Does your organization rely on cloud services to support mission critical activities? Given the ubiquitous influence of the cloud across industries perhaps the better question is how well prepared is your organization to support the same mission if cloud services became unavailable? In a few short decades we have become as accustomed to associating a cloud with the internet as with water vapor in the atmosphere. The most significant link, rather than shape, content, or definition, is rather how reliant our past and current communities have been on clouds throughout history. A century ago, farming was a primary occupation in America and these farmers were expert watchers of the skies. Today, many of us are disconnected from our farming roots however our food, safety and commerce continue to be linked to the clouds.


Cloud computing, and associated cloud services, have been in play in some form since the 1960’s although the terms have only become commonplace during the last 20 years. Today cloud is used loosely to describe the computing resources comprising the internet, while cloud services are those services provided over the internet enabling access to applications and data without the need for all the corresponding on-premises infrastructure. Cloud services are often deployed in the following models: Software-as-a-Service (SaaS); Platform-as-a-Service (PaaS); and/or Infrastructure-as-a-Service (IaaS). Geospatial cloud services enable end users to leverage large and dispersed spatial datasets, powerful software and computing resources, and automated tools to convert complex systems into timely insights.  

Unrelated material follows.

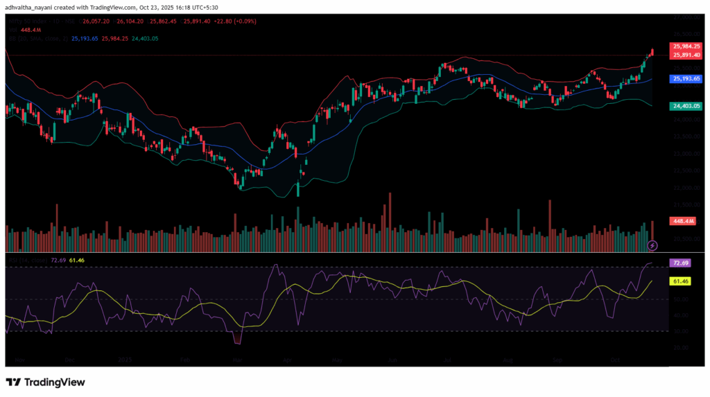 Bollinger Bands (Daily): The index is trading in the upper band of the Bollinger Band range above the middle band (Simple Moving Average). Its position in the upper range indicates a bullish sentiment, and the Index took support near the 25,862 level and 26,104 level acted as a resistance. A sustained move above the middle band signals a bullish sentiment, while a drop back toward the lower band may reinforce bearish sentiment.

Today we are seeing infrastructure under increasing threat. Attacks at electrical substations in Washington state cut power to thousands just weeks after substations in North Carolina were disabled. Our physical assets and their digital twin counterparts are part of a connected ecosystem enabled by geospatial cloud services. The adoption of cloud services in the energy sector demonstrates the benefits of organization, management, and responsiveness through increased access to asset and infrastructure information. The associated security risks for continuity of operations are also elevated as both physical and digital systems must be safeguarded to maintain our nations critical infrastructure. Axim empowers our clients to solve the toughest security problems through a better understanding of their world. This is accomplished through world-class design followed-by rigorous implementation and adaptation to address dynamic risk profiles.

Axim DT Cloud Blog Assets Cloud hosted data and cloud managed services allow for improved scalability, redundancy, security, and access.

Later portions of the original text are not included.